Выбрать главу

Свойство «остроты» присуще только подлинному уму. Бывают блестящие, бывают, относительно говоря, даже талантливые глупцы... Не раз в истории играли решающую и большей частью печальную роль дураки и маньяки, наделенные железной волей. Но «острых дураков» быть не может — это внутренне противоречивое понятие, вроде «круглого квадрата» или «деревянного железа»...

Ум и острота — одно и то же. Ум есть острота духа, его, так сказать, острое или колющее острие. Глупость связана с тупостью, с мягкотелым бессилием духа. Не следует смешивать «остроту» с «остроумием» в ходячем смысле слова, или, лучше, острословием.

И каждый вечер за шлагбаумами, Заламывая котелки, Среди канав гуляют с дамами Испытанные остряки, —

то есть нравящиеся «их полу» дураки.

Недаром глагол «острить» очень часто приобретает иронический оттенок, ибо сплошь и рядом предприятия глупцов в этом направлении бывают «покушением с негодными средствами», наводят скуку и вызывают насмешки подлинных умниц:

Затейник зол — с улыбкой скажет глупость. Невежда глуп — зевая, скажет ум.

И сколько раз приходится выслушивать снотворную околесицу от так называемых «испытанных остряков»... Впрочем, красноречье», да еще патетическое, с трагической дрожью в голосе, тоже не далеко ушло от этого по своей смехотворности и усыпительной силе.

Быть простым и острым — как это трудно и как это редко встречается!

Шутить по-настоящему — тоже свойственно только уму, так же как недалеким людям свойственно не понимать шуток и даже обижаться на них, хотя по своей природе шутка, как правило, не зла и никого не обижает и не затрагивает (другое дело — эпиграмма). Нет ничего очаровательнее ажурно построенной, порхающей мотыльком шутливой речи... И здесь талантливые умницы могут себе позволить смертельно опасный прием того, что в музыке именуется «скерцандо», игру невинным вздором, под поверхностью которого можно почти всегда открыть подлинные перлы настоящего творчества и глубокомыслия, так же как чинное и тяжелое «плетение словес» сплошь и рядом есть маска, скрывающая пустоту и «отсутствие всякого присутствия».

Иногда завязывается легкая «перепалка», вроде теннисной игры между достойными партнерами. «Скорбные головой», вместо парирования контр-остротой, сейчас же обижаются, ибо, по Шекспиру

Спит слово острое в ушах глупца.

Шопенгауэр дает иронический совет людям со слабым наполнением черепной коробки: при встрече с умом и талантом быть просто грубыми. «Ум, талант, знания — все должно будет отступить и уйти, сбитое с позиций божественной грубостью», — иронизирует франкфуртский философ, здесь, как нигде, поддерживающий свою репутацию пессимиста и беспощадной метлы.

Итак, острота духа, его, так сказать, «соль» и «перец» — вот свойства, возбуждающие ненависть к уму, ненависть, сплошь и рядом переходящую в настоящую революцию против него.
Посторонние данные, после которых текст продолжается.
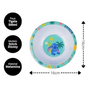 Jogo Refeição Infantil Melamina Stitch Disney 7 Peças
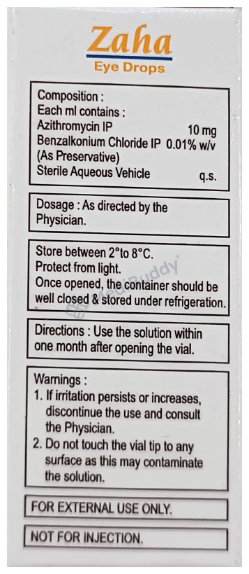 In summary, Zaha Eye Drop, containing azithromycin as its active ingredient, is a reliable solution for treating bacterial eye infections. Adhering to prescribed guidelines, being aware of potential side effects, and seeking medical advice when needed can ensure a safe and effective treatment experience.
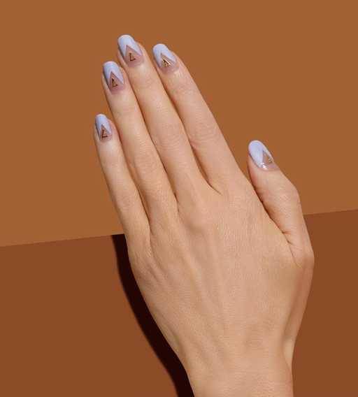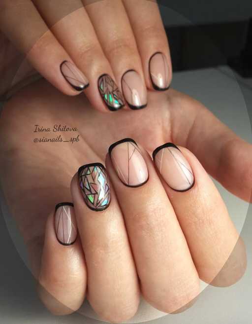 Минималистичный дизайн с треугольниками из битого стекла и контурной обводкой ногтей выглядит очень стильно sianails_spb
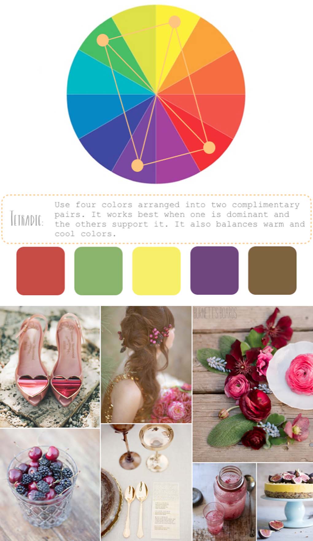 四色式調色盤(pán)的組合像一個(gè)矩形(如下圖),它最好的使用方法是:選擇一種做主色(包括它的深淺色),其他三色做輔助,輔助中選擇一種做“POP”——活躍色。四色式最初看起來(lái)會(huì )有點(diǎn)復雜,不過(guò)這只是兩組互補的顏色而已。下面的例子里,主色是紅色系,黃色作為“POP”色,綠色和紫色做輔助。
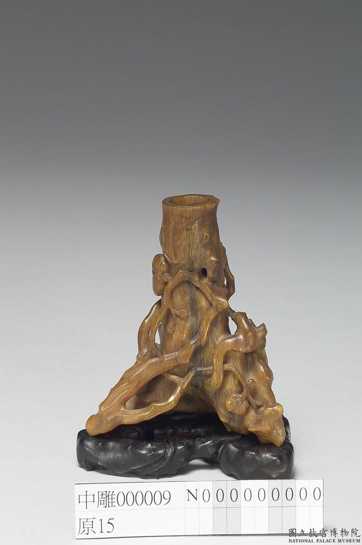 〈清 十八世紀 雕犀角梅樹香插〉,國立故宮博物院藏。圖版取自《器物典藏資料檢索系統》:https://digitalarchive.npm.gov.tw/Antique/Content?uid=18528&Dept=U(檢索日期:2022年6月6日)。
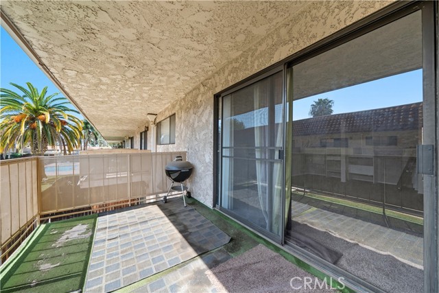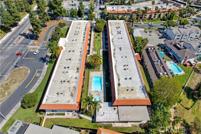Beautifully Upgraded Top-Floor Condo Near UCR! Welcome to this beautifully upgraded 2-bedroom, 2-bathroom condo in the highly desirable Country Club Villas community. This top-floor residence offers a bright and spacious great room layout with elevator access and a private balcony overlooking the sparkling pool and spa. The open-concept kitchen features Corian countertops, light-stained cabinetry, and stainless-steel appliances including a gas range, dishwasher, and sink. A convenient dining area flows seamlessly into the living space—perfect for entertaining or relaxing at home. The living area also includes a convenient wet bar, ideal for hosting guests or enjoying evening refreshments.
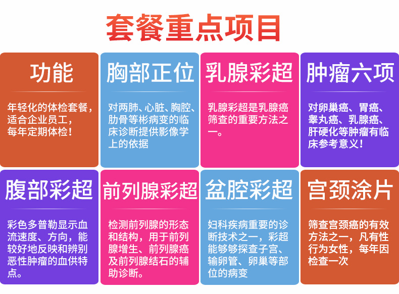 1、无中医会诊、口腔科检查、疲劳检测 2、肿瘤C12项改为肿瘤C9项,肿瘤C6项改为C3项; 3、甲状腺功能5项改为甲功5项2,甲状腺功能3项改为甲功3项2; 4、无血流变替换免疫球蛋白三项 5、总胆红素(TBIL)不单做做胆红素3项 |
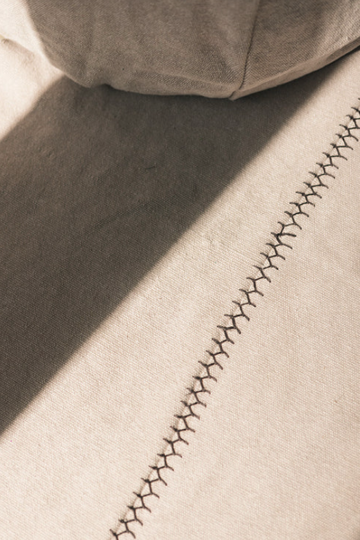 Geen twee vloerkleden zijn hetzelfde. Gemaakt van geüpcycled katoenen canvas in de kleur New Grey, wordt elk paneel met de hand gesneden en gestikt, waarbij natuurlijke onregelmatigheden, asymmetrische lijnen en subtiele kleurverschillen bewust worden omarmd – geen imperfecties, maar kenmerken van echt vakmanschap. Zeer licht van gewicht, eenvoudig op te vouwen en gemakkelijk te verplaatsen. De stonewash-afwerking is bij ieder kleed uniek; foto’s dienen daarom slechts als indicatie. Vlekken, markeringen en kleine imperfecties zijn normaal en maken elk ontwerp anders en uniek binnen onze collecties.

Дьявол и им одержимые ненавидят соль земли. Их замысел — через убиение мудрых праведников — все опреснить, сгноить, оскопить, рассолить. Поэтому дьявол и есть вечный «теплохладный» мещанин, блюститель «умеренности и аккуратности», вдохновитель вечной «молчалинщины» — приживал покладистый и смиренный, на все согласный, но при случае притворяющийся и позитивистом, и революционером, и анархистом. «Смотря по обстоятельствам, синьор», — он то верит в Бога и рабски трепещет, то оказывается атеистом и отрицателем, но всегда употребляя самые заезжие, опошленные места «вольномыслия», что мы и видим в безбожной пропагандистской макулатуре СССР, литературное ничтожество которой равняется идеологической пошлости, где

...усыпительный Зоил Разводит опиум чернил Слюною бешеной собаки.

Поострее, товарищи, и особенно — поновее: нельзя носить лохмотья, которые уже в XVIII веке были грязными обносками, свалившимися с безбожных миллионеров и банкиров, делавших, вроде Гольбаха, на безбожии выгодные аферы и срывавших дешевые лавры. О них поэт — ненавидимый Белинским Баратынский — сказал:

Его капустою раздует, Но лавром он не расцветет.

Между прочим, сторонникам полицейщины никогда не следует забывать того, что гонимый Фамусовыми, Молчалиными и Софьями ум мстит свои противникам так же, как Чацкий: он оставляет тех, кто надругался над ним,и оставляет навсегда.